Let’s use the pandas .isna()
method to see if we
have any units that could not be assigned to districts:
>>> assignment.isna().sum()
0
This means that every unit was successfully assigned. If our basic units were too large to get a meaningful assignment, or if the districts did not cover all of our units (e.g. if our units included parts of the Atlantic Ocean but the districts did not), then we would have units with NA assignments that we would need to make decisions about.
We’ll save the assignment in a column of our units
GeoDataFrame:
>>> units["SENDIST"] = assignment
Creating a Partition
with the real-life assignment¶
Now we are ready to use this assignment in GerryChain. We’ll start by loading in our Graph from a pre-saved JSON file:
>>> from gerrychain import Graph, Partition
>>> graph = Graph.from_json("./Block_Groups/BG25.json")
In order to get this assignment onto the graph, we need to match the nodes of
our graph to the geometries in units
by their GEOIDs. We can use the graph
object’s .join()
method to do this matching automatically:
>>> graph.join(units, columns=["SENDIST"], left_index="GEOID10", right_index="GEOID10")
The left_index
and right_index
arguments tell the .join()
method to use
the GEOID10
node attribute and the GEOID10
column of units
to match the
records in units
to the nodes of our graph.
Now graph
has a node attribute called SENDIST
that we can use to create a
Partition:
>>> real_life_plan = Partition(graph, "SENDIST")
To check our work, let’s plot the real_life_plan
using the Partition’s
.plot()
method:
>>> real_life_plan.plot(units, figsize=(10, 10), cmap="tab20")
>>> plt.axis('off')
>>> plt.show()
That looks like a districting plan! Woohoo! 🎉🎉🎉
Troubleshooting possible issues¶
If the plan looked like random noise or confetti, then we might suspect that something had gone wrong. The two places we would want to look for problems would be:
the
graph.join
call, which would go wrong if the GEOIDs did not match up correctly, orthe final
real_life_plan.plot
call, which would go wrong if the GeoDataFrame’s index did not match the node IDs of our graph in the right way.

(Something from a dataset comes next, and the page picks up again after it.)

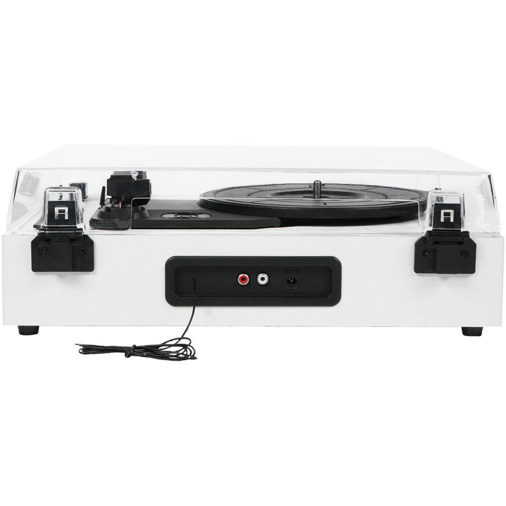 Breng nostalgie tot leven met deze veelzijdige draaitafel die je platen afspeelt en moeiteloos converteert naar digitaal formaat via USB of SD-kaart. Je speelt muziek af via bluetooth, USB, SD-kaart of radio, en geniet van krachtige geïntegreerde speakers van elk 5 W voor een uitstekende geluidskwaliteit. De RCA-audio-uitgang biedt extra connectiemogelijkheden, en de meegeleverde 45 tpm-adapter past perfect bij verschillende plaatformaten.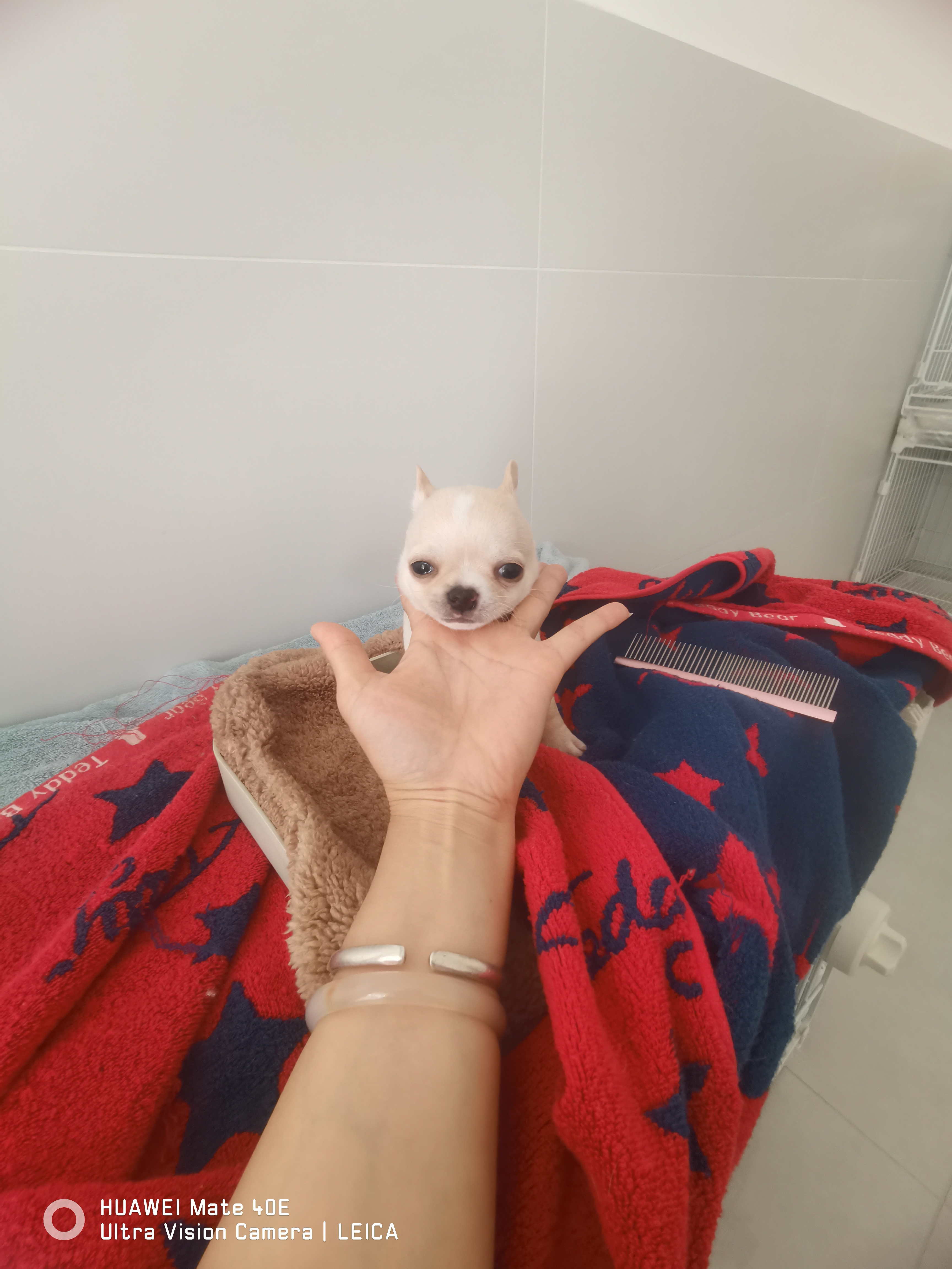 自家吉娃娃于1月17号生产 有两母一公 母的颜色有一只白色,一只铁包金 公的颜色是奶油金 喜欢的可以私聊本地的可以上门看狗

We could inspect both issues by making sure that the records with matching IDs actually referred to the same block groups.

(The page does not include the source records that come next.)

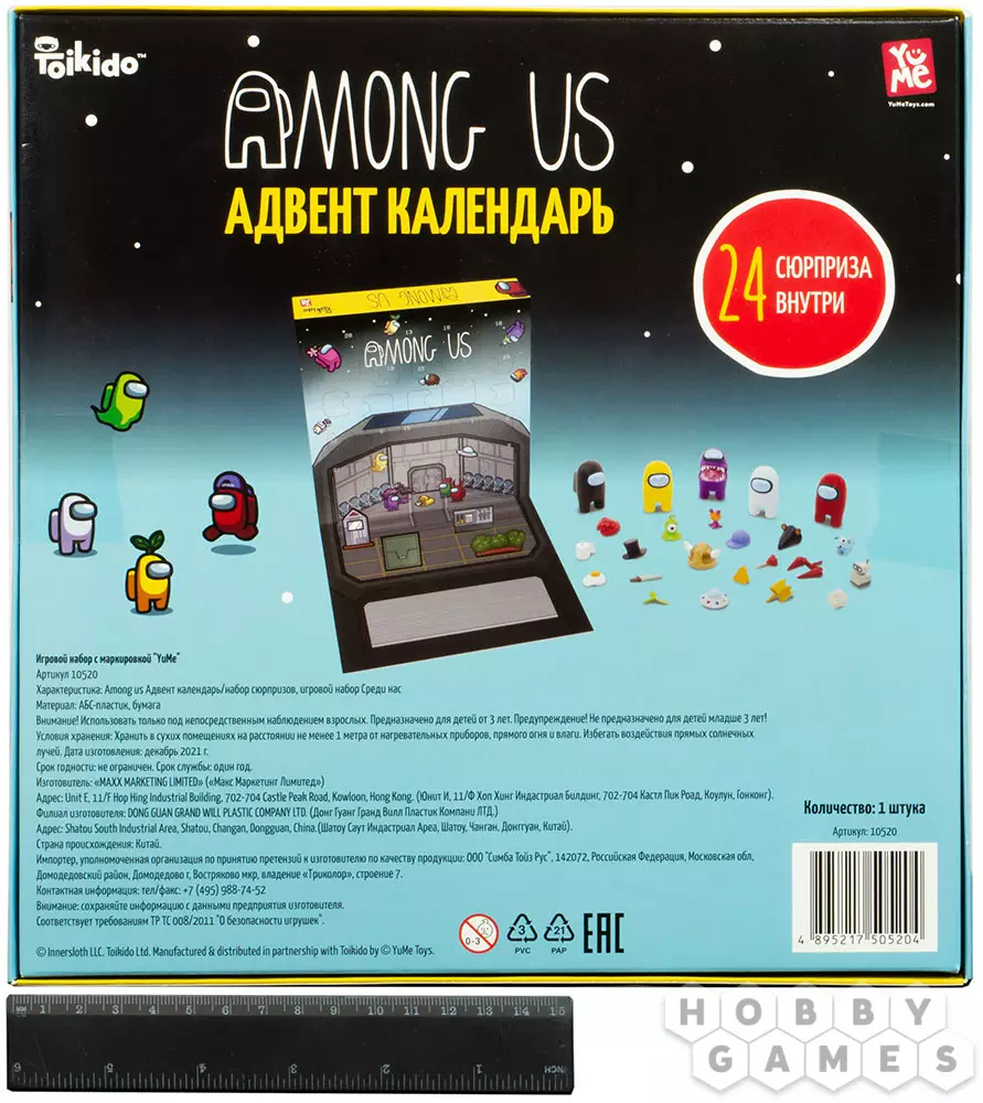 В упаковке находятся 24 сюрприза: 5 фигурок героев по игре Among Us и аксессуары для них. В каждой упаковке они разные, что делает их ещё и предметом для коллекционирования.
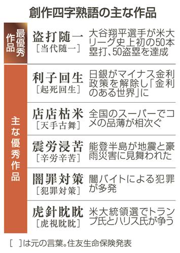 24年の創作四字熟語最優秀作品 大谷50―50で「盗打随一」 住友生命
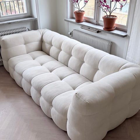 Säljer nu vår otroligt fina och trendiga soffa inköpt på Sleepo på grund av flytt utomlands. Soffan är klädd i ett mjukt och slitstarkt teddytyg (bouclé) i en vacker off-white/krämvit nyans. Den har en modern design med bulliga former som ger rummet en lyxig och ombonad känsla.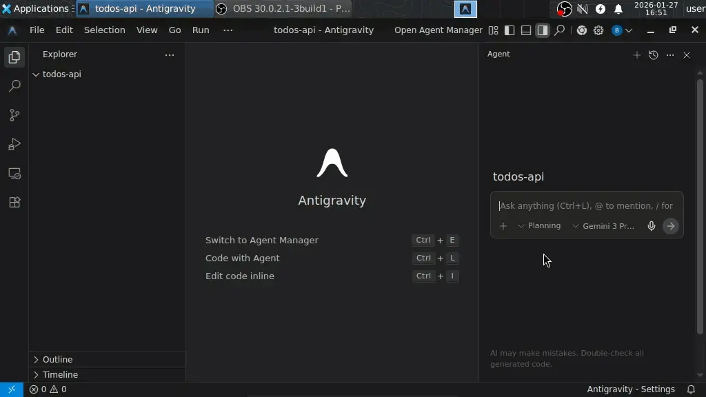 下面的屏幕录制显示了 Antigravity 如何在没有我中断的情况下处理任务(我将这段时间花在其他任务上,而不是手把手地指导智能体):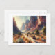 Una vibrante escena representa a los vaqueros recorriendo un majestuoso cañón del desierto al atardecer, con acantilados imponentes y vegetación dispersa que realzan el paisaje. Los colores vivos y las pinceladas crean un ambiente dinámico y casi surrealista.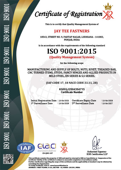 We at JAY TEE FASTNERS believe that certifications are important in developing brand-image. We continuously build them to increase our visibility. Our team actively participate in various platforms. As a result of which we have the following Certifications: Management system as per ISO 9001-2015 in accordance with ICR certified that JAY TEE FASTNERS applies quality system in line with above standard in following scope for Manufacturing and supply of Bolts, Nuts, Rivets, Threaded Bar, Turned Items, Studs, Fancy Hinges and Other Allied Items in Mild Steel, E N Series & S. S. Series.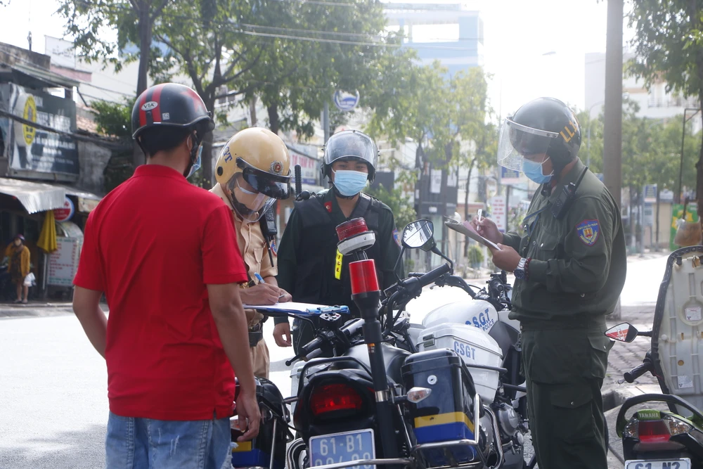 Lực lượng công an tuần tra, xử phạt người dân ra đường không lý do. Ảnh: LÊ ÁNH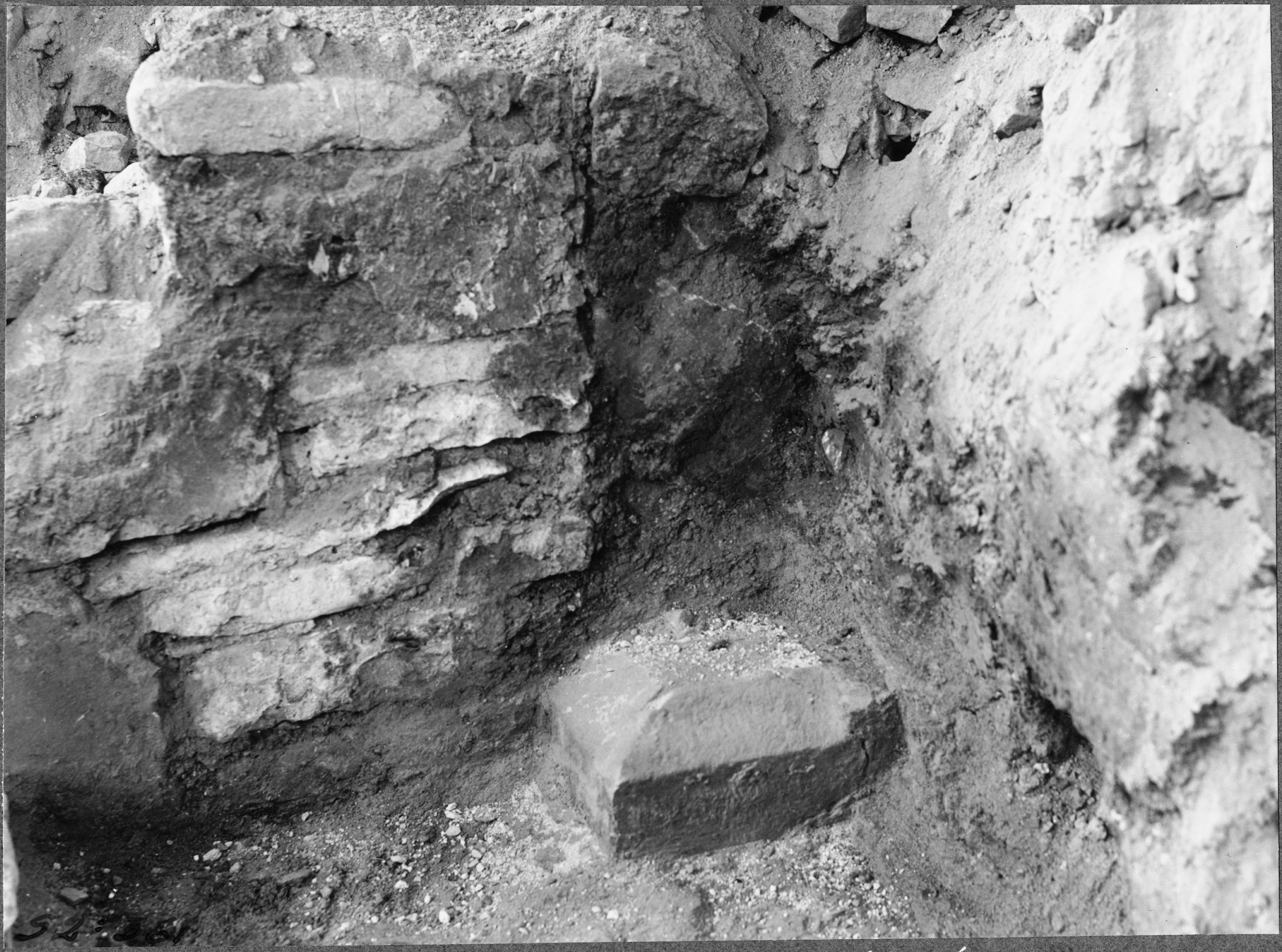 Grävning inom kyrkan, schakt X, nordvästra hörnpilasterns bas.

You also might run into problems when you go to run a Markov chain using the partition we made. If the districts are not contiguous with respect to your underlying graph, you would want to add edges (within reason) to make the graph agree with the notion of contiguity that the real-life plan uses. See What to do about islands and connectivity for a guide to handling those types of issues.